10).   Obviously, from the above quotation, there is a variance between the motion being argued together with the statements. This is fatal. The writs of judicial review are specific and sui generis.

One cannot deviate from its procedural requirements. I find that the applicant deviated from this what is contained in the application for leave should as a matter of necessity remain in the substantive application. Justice Gacheche in Nairobi Misc. Application No. 1124 of 2005 Republic -VS- Ministry of Planning and National Development exparte National council of Non Governmental Organisations said:

“Where Judicial Review orders have not been sought in the statement and where reliefs sought in the notice of motion do not tally with those in the statement, the application for Judicial Review is imcompelent. It is clearly evident that contrary to the requirements that they be similar in all ways the prayer in the statement is quite different from those in the notice of motion, which renders the application defective and I would on that ground uphold the second preliminary  objection”.

11).   Finally, the question is whether the applicant is entitled to the orders sought? There is no doubt that the relationship between the applicant and the 1st respondent was contractual. In the said contract there  were rules and regulations governing the parties. Both parties were to adhere to their side of the bargain. Judicial Review remedies are generally in the regime of public law. Respectfully therefore I think the issues herein are in the regime of public law. There are rules and regulations as pointed above, governing the parties. This court will always intervene where there was injustice in terms of the cardinal principle of natural justice earlier on stated.

12).   In determining therefore that this matter is squarely a private matter I rely on the court of appeal decision in Kisumu HCCA 182 of 2004 Staff Disciplinary Committee of Maseno University & 2 Others -VS- Prof. Ochong Okello (2012)e KLRwhere the court stated as follows:

“I concur with the above proposition and find that the breach or threatened breach of the appellants contract of employment was not a public act or a matter of public law but was a matter of contractual  relationship between the appellant and the respondents, governed by private law. It was not therefore an appropriate action justifying the granting of orders of Judicial Review. The respondent may well have had a genuine grievance. His remedy however lies under private law which covers disputes relating to contractual relationships. Therefore the High Court erred in granting the orders of judicial review as Prof. Ochong did not have public right capable of protection under the supervisory jurisdiction of the court”.

13).   The court proceeded to decline the orders of certiorari. Conversly there was a contractual relationship between the applicant and the respondent.
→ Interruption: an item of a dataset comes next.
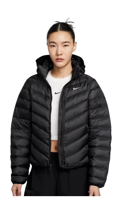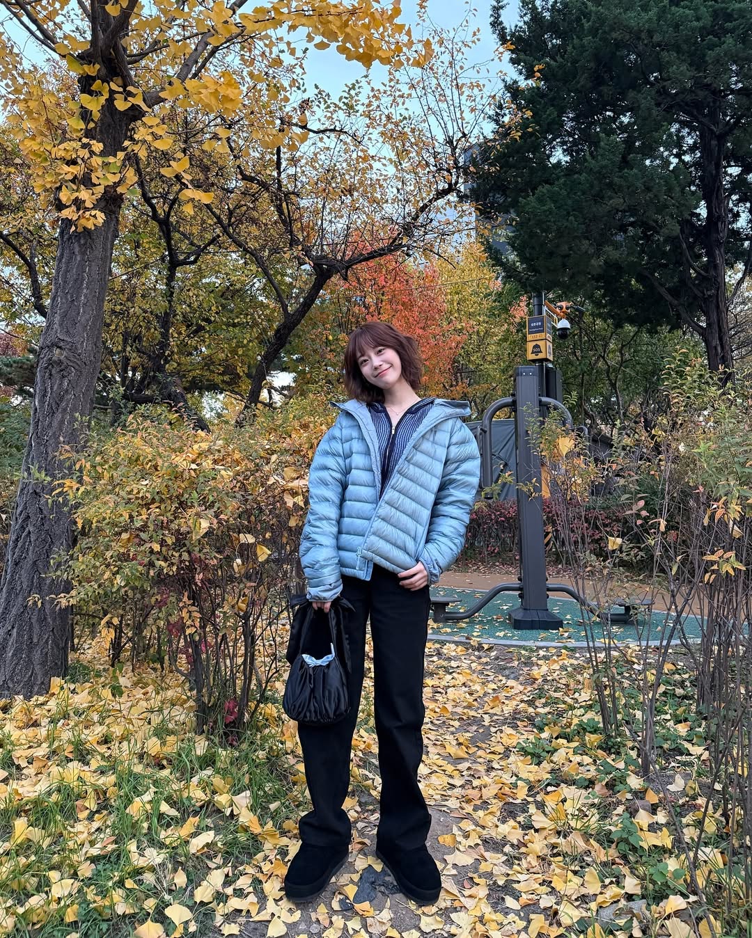 실버 경량 패딩은 힙한 스타일링에도 활용하기 좋죠. 지효는 와이드 팬츠에 슬리브리스 톱을 더하고 스니커즈로 마무리해 스트리트 룩을 연출했습니다. 편안한 레깅스나 스웻 팬츠를 매치하면 아웃도어 룩으로도 충분히 소화할 수 있겠죠.

If the applicant thought that there was such a breach then the contract must contain remedies which I believe include damages, and which the applicant ought to pursue.

In the premises and for the reasons stated above this court cannot reinstate the applicant as prayed as this would be imposing a contract on top of another contract which is not the court's duty. I do not find merit in this application. The allegations obviously are grave and weighty. It has to do with a disciplinary process in regard to an employee having a sexual liaison with a student who in this case is a minor. As earlier opined, it is not for this court to determine the veracity or otherwise of the allegations. Those are the province of a criminal process. Suffice to say that for now this application is defective and wrongly brought before this court. The same is otherwise dismissed with costs.

Dated, signed and delivered at Kisumu this 31st day of July, 2014.